A bigger gripe is that while the EX1000 supports ID3 tags, it doesn't utilize them as fully as it should. When a track from an MP3 CD is queued, the LCD shows the song title but not the artist name. Additionally, the titles of albums (folders) saved on MP3 CDs cannot be displayed. Instead, albums are represented by numbers, which can sometimes make it a hassle to find specific records or songs. It's worth mentioning that the unit can play MP3s with bit rates from 56Kbps to 320Kbps, as well as variable bit-rate (VBR) MP3s.

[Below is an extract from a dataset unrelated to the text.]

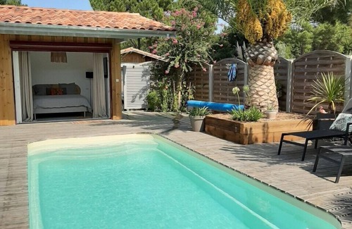 Vacation home with heated pool is located in La Teste-de-Buch. Vacation home with heated pool provides accommodation, featuring Pool, Oceanfront, Fireplace/Heating, among other amenities. This House features Pool, Oceanfront, Fireplace/Heating, to make your stay a comfortable one.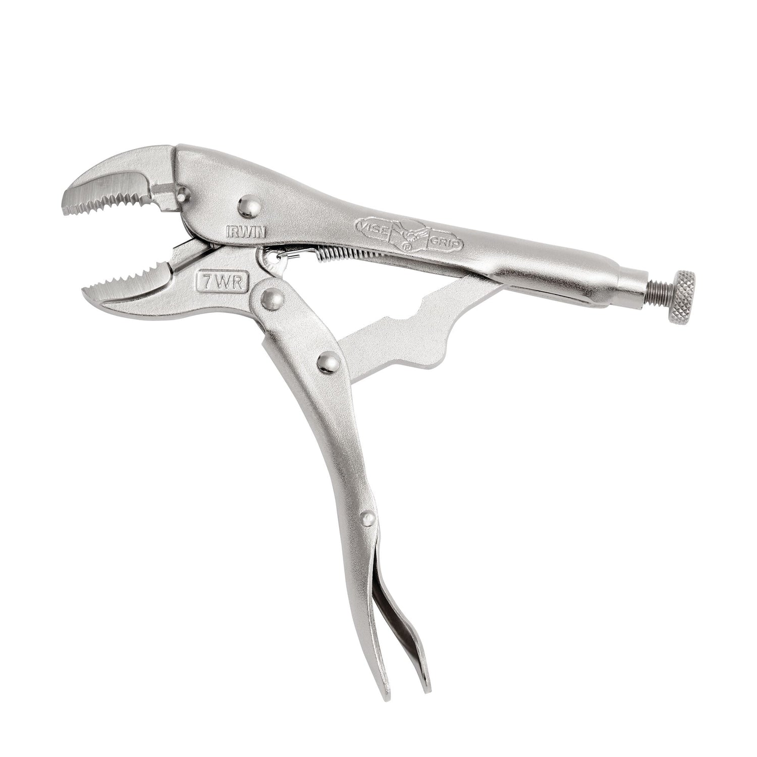 Curved jaw with built-in wire cutter great for a variety of applications and material shapes

Sonicblue says that the EX1000 outputs 120 watts of continuous (RMS) power. The biamplified design delivers 20 watts to each vented speaker's 2-inch midrange driver and 1-inch tweeter, plus 40 watts to each speaker's 3-inch, side-firing woofer.

Boomy bass
We didn't expect the EX1000 to sound great--and it didn't--but most listeners will find the sound quality acceptable. When we fired up Outkast's tune "Synthesizer," we experimented with the unit's S-Bass knob, selecting different levels of bass-boost intensity. The EX1000 also has four equalizer presets and a Power Surround mode that makes the sound seem a little more spacious. While the speakers' side-firing subwoofers delivered enough feel-it-in-your-chest bass to satisfy, their sloppiness was displeasing; in place of the kick drum's usual punchy accuracy, there was a blurry boom.

The EX1000's treble and midrange performance isn't particularly smooth, but it isn't excessively abrasive either. When we played Bruce Springsteen's Born To Run, the Boss's voice was missing some of its characteristic lower midrange robustness, and the upper frequencies were slightly grainy. That said, the EX1000 plays loud enough for a small- or medium-sized room and doesn't easily distort unless bass boost is maximized and the volume is cranked. Ultimately, we didn't mind using the EX1000 for background music, but we wouldn't recommend it for intensive, focused listening. There are other minisystems in this price range that may not look quite as good but do sound better.

At $299 (list price), the Rio EX1000 is a bit overpriced, considering its limited features and unimpressive sound. Although you can find the EX1000 for around $250, if you're willing to forgo the tape deck, check out RCA's $200 RS2538, a five-CD unit with MP3 CD playback.